The list of recent natural disasters appears endless: hurricanes, cyclones, typhoons, earthquakes. The connection between climate change and a greater frequency of climate disasters is becoming increasingly clear. It’s also evident that those most affected by weather-related catastrophe are often already socioeconomically vulnerable groups.

In light of these vulnerabilities, anticipating and planning for crisis and sudden change has become central to thinking about urban environments. The Graduate School of Design is offering a new concentration as a part of the Master in Design Studies Program called “Risk and Resilience.” Interdisciplinary and research-oriented, this track offers students the opportunity to approach spatial planning and design with an emphasis on vulnerability. “Risk and Resilience” is about “developing preemptive strategies for communities and locations susceptible to crisis,” says John J. Aslanian, Assistant Director for Student Life and Recruitment at the GSD.

Risk and Resilience is about redefining problems, about changing the way we think, not just solving problems.

The disparate backgrounds of co-coordinators Diane Davis and Joyce Klein Rosenthal are testament to the program's breadth. Davis, a Professor of Urbanism and Development at GSD, brought an insight into urban violence, especially in developing countries. Rosenthal is an Assistant Professor of Urban Planning and she came with an extensive background in ecological sustainability. Davis stressed that despite the scope, the different kinds of vulnerability involved in the program are often linked. Violence can arise over resources and there is a significant relationship between economic vulnerability and environmental vulnerability.

Student projects highlight the creativity involved in this rather new field of inquiry. In analyzing the aftermath of Hurricane Sandy, students found that people were reluctant to go to shelters in the face of disaster, because of associated stigma and unfamiliarity. Their innovative plan was to make a central library into a constant community center that citizens would feel good going to at any time, and especially during times of crisis. The solution points to the importance of social considerations when designing for vulnerability.

“Risk and Resilience” is about redefining problems, about “changing the way we think, not just solving problems,” Davis says. She emphasized the importance of using the strategies of the developing world, where societies are accustomed to vulnerability and thus have more sustainable approaches to dealing with risk.

Joyce Klein Rosenthal was drawn to the program because she was excited to work for something constructive and sustainable. For much of her career in environmental planning, activism, and research, she was focused on negatives rather than positives. A new approach to urban planning is important in dealing with the mass migration and conflict that will result from climate change, she notes.

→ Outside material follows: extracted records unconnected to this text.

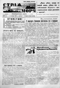 Смерть щемящим оккуваятаігі ★ ★ К Р Д С Н О ф Л О Т С К Д Я ГАЗЕТА ★ ★ >6 82 7 октября 1844 г., суббота ПРОЧТИ К ПЕРЕДАЙ ТОВАРИЩУ. „Мало убить немца на нашей земле, убить его в собственной берло ге—вот справедливая наша расплата U с врагом И з днев ни ка гвардии главного ст а рш и ны И . К о т л п р . О Т О М С Т И М ! Молодые краснофлотцы Николай Глобин и Василий Лукьянов рассказывают о видан­ ном ими в своих родных местах при окку­ пации немцев. Фашистские звери истязали и жгли на огне невинных людей. ЗА ПЕПЕЛ СОЖЖЕНЫХ, ЗА КРОВЬ ИСТЕРЗАНПЫХ—ОГОНЬ ПО ВРАГУ ! Э ТО ГО МНЕ НЕ ЗАБЫТЬ Я в и д и , что делали немецкие гады в Ростбве-наіДону — моем родном городе. Особенно • вы ­ делялись в потреблении граждан гестаповцы. В первую очередь они ■охотились за коммунистами, ком ­ сомольцами и другими советскими работниками. Всех, попавших в лапы к .фашистам, ждала тюрьма, пытка, виселица. ‘Невиданные злодеяния бандиты, учиняли над пленными красно­ армейцами. Многим жителям при­ шлось лично видеть издеватель­ ства гитлеровцев. Однажды фа- ш истек п<> изверг 11 воору же ни ые пистолетами и автоматами вели военнопленного раненого моряка. И вот, когда в город вошли части Красной Армии, немцы не успели замеСти следы своих преступле­ ний. Среди многих замученных был обнаружен и труп моряка. Это был старшина Николаи Горбунов. На его геле заметны были следы •ожогов и множество сквозных п у ­ левых ра'п из автомата. -Немцы заставляли работать по 14— і(> часов в с у т к и всех п и - ряд: стариков, женщин, четен. Выдавали им всего лишь но .рто двадцать грамм хлеба на день, который изготовлялся из картофельной -шелухи и других отбросов. От недоедания возникали Лодезшг, умирали люди. Однажды мой товарищ Павел Торбип вышел ■в ноле собрать мерзлой картошки на ооед, но фашисты схватили его и свою комендатуру. Павел и.пез без вести и лишь через некоторое время нашли его труп в изуродованном вид'1: обрубленные пальцы на руках, отрезан нос и уши, на тело следы ударов, нане­ сенных каким-то твердым предме­ том. На. Боготяновокой улице фаши­ сты творили кровавый разгул. Там была тюрьма. Много замучено мирных жителей в этом здании. Вместе с матерями были грудные дети. Там им мазали губы ядом, после чего они умирали. Однажды около этой тюрьмы, неизвестна кем были убиты два немоіких солдата. В отместку, гестаповцы решили расправиться с жителями целого квартала. Фашисты загна­ ли советских граждан в деревян­ ный дом, облили его горючей жид­ костью и подожгли. Из горящего дома доносились душераздирающие крики женщин и детей, а тех кто пытался выбраться из огня немец­ кие автоматчики расстреливали. Много молодежи у г’пано в Гер­ манию на каторжные работы. Людей сгоняли на сборные п у н к ­ ты, откуда -всех силой загоняли в вагоны и увозили на Запад. Эти страшные картины мне ни­ когда но забыть. Я буду мстить немецким людоедам, бить их Г-.- поща іы. Краснофлотец Н. ГЛОБИН. Пепел сожженных зовет к отощениш Ворвавшись в наше село Олеит ня немецкие варвары сразу же учинили грабеж и насилие над мирным населением. Они не брез­ говали ничем, даже хозяйственные предметы и те отбирали, увозив их в Германию. У колхозника Голик немцы ре­ шили отнять корову. Семья у Го­ лика большая и он воспротивился этому. Тогда гитлеровцы избили его вместе с детьми и женой, а корову силой увели. Жестоко расправились фашисты с. братьям
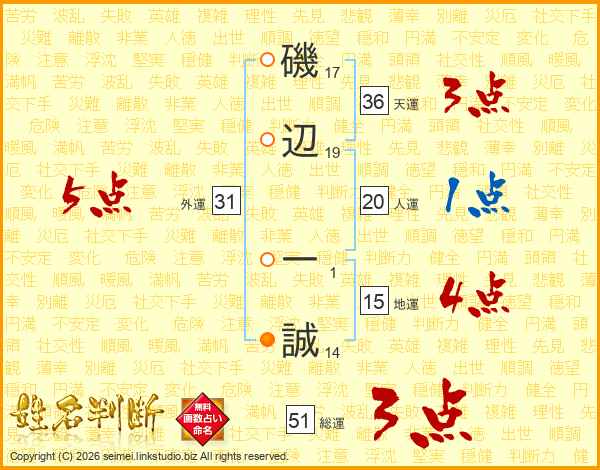 磯(17画)辺(19画) 一(1画)誠(14画)
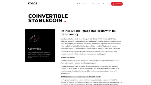 CoinVertible is a stablecoin initiative launched by Société Générale – FORGE (SG-FORGE), a subsidiary of the globally recognized financial services group, Société Générale. CoinVertible is designed to combine the stability of fiat currencies with the technological benefits of blockchain technology, thereby offering a reliable and transparent medium of exchange for various financial applications.
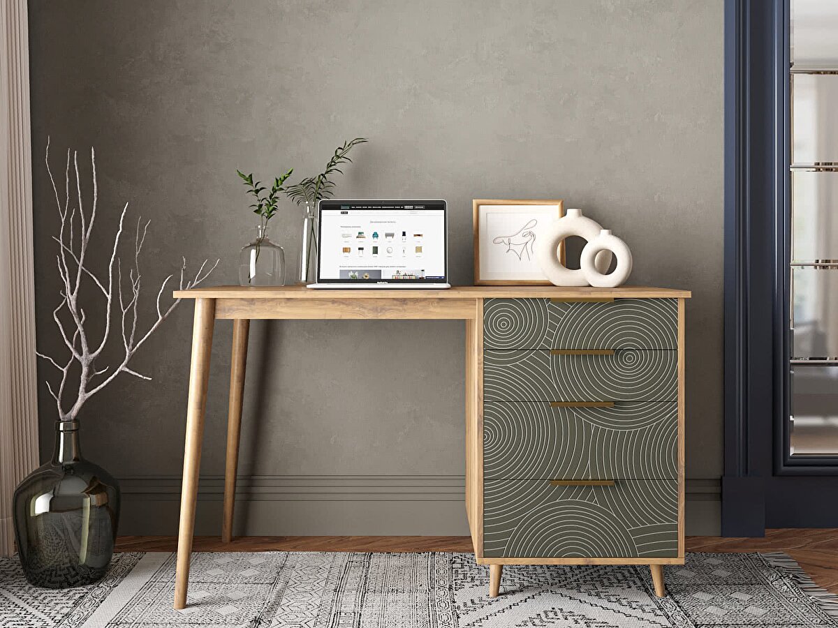 Материал: корпус — ЛДСП, фасад — МДФ с гравировкой, ноги — массив березы.
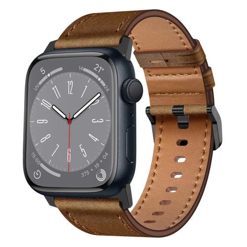 Correa de Reloj Cuero Grano Superior Wilderness para Apple Watch Se 2023 44mm (Conector Negro Marrón Oscuro)
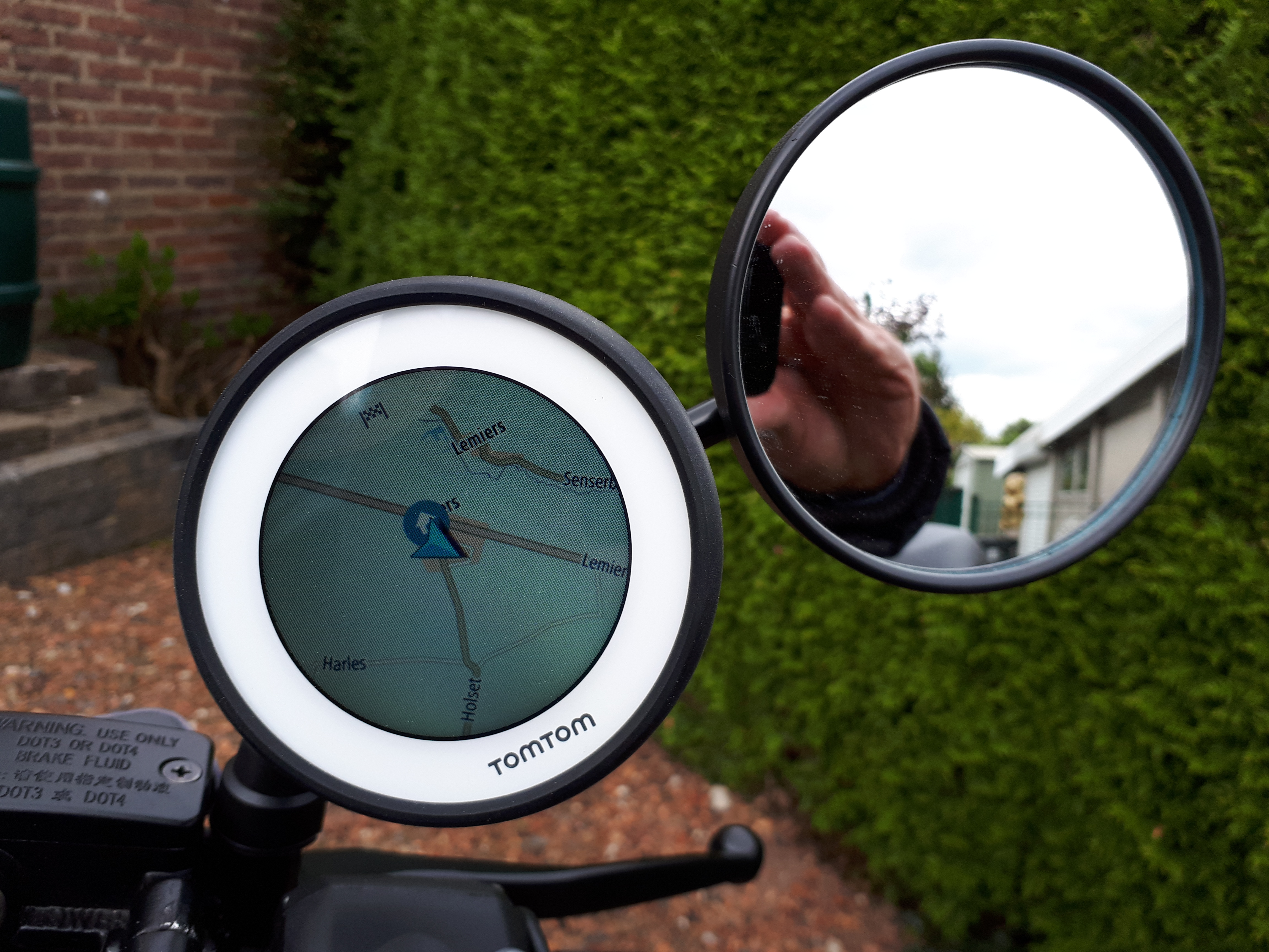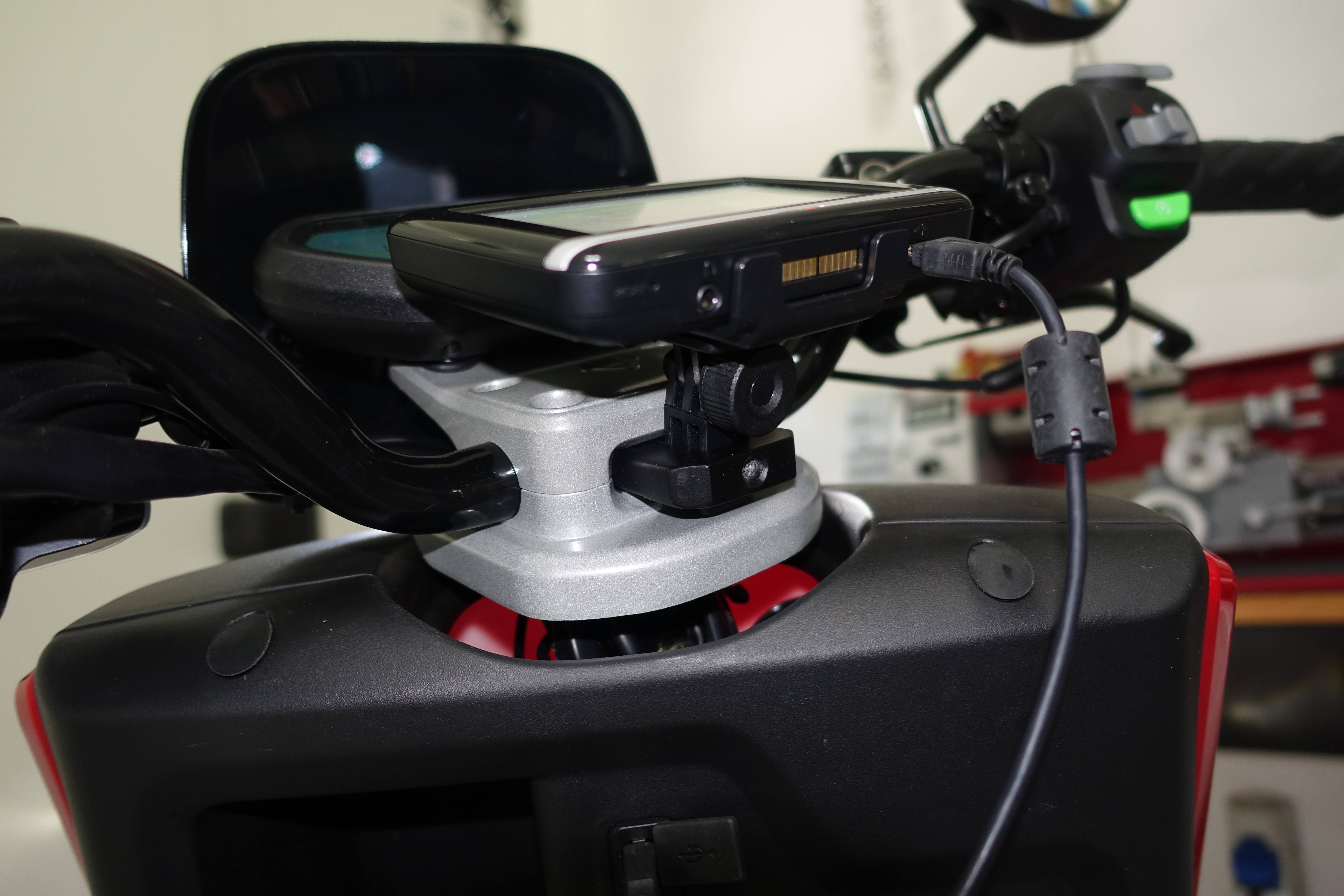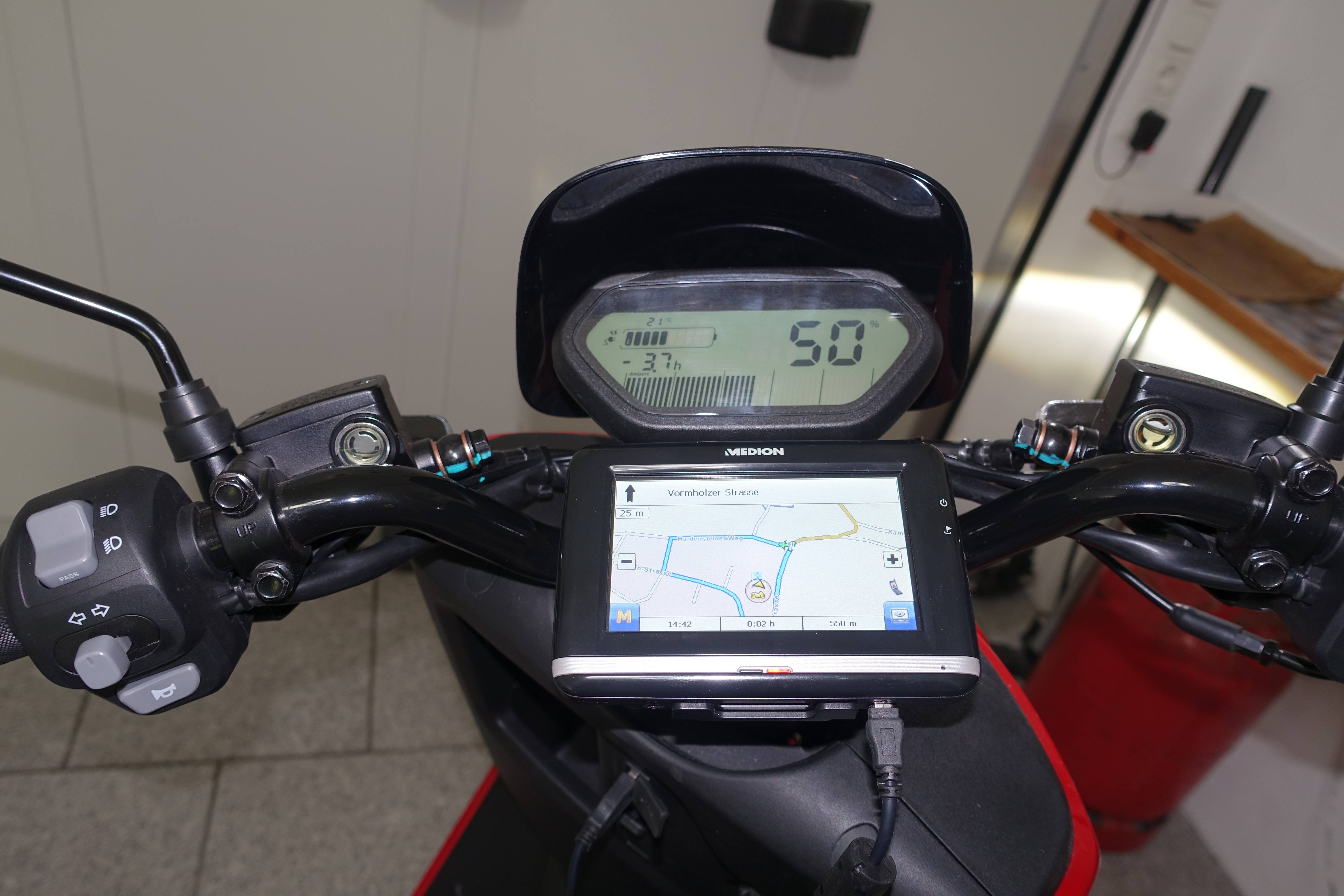 Habe für ein ausrangiertes Medion-NAVI noch Verwendung gefunden. Der Saugnapf wurde duch einen selbstgefertigten Acrylglas-Adapter ersetzt. Befestigung mit einer Schraube. Die mittige Platzierung empfinde ich ergonomisch und gestalterisch idealer als am Lenkerrohr.

There are eleven students in the program this year, more than double the number last year. Projects range from dealing with displacement and relocation in the face of environmental changes, to evacuation in vulnerable areas, to urban humanitarian aid planning. The recently launched website spotlights student research. One project analyzes the possible effects of flooding on city transportation. Another deals with creating resilient public housing. First year Master of Design Studies candidate Lindsay Woodson was at the GSD Open House last Friday, and she explained her current research on green infrastructure of vulnerable urban coasts and the implications of coastal systems.

Unlike a typical urban planning program, “Risk and Resilience” is not a professional degree, rather it is focused on research and allows students to mix and match courses. It is intended for architects, humanitarian workers and engineers alike. It provides students with collective projects such as, the Disaster and Recovery project in Chile over J-term, as well as conferences like the “Displaced Peoples Conference,” to foster development of flexible innovations and strategies. 

The threat of climate change, of displacement, conflict and disaster, is drawing innovative minds to rethink the role of planning and design. The GSD Masters Program in “Risk and Resilience” is at the forefront in responding to vulnerabilities.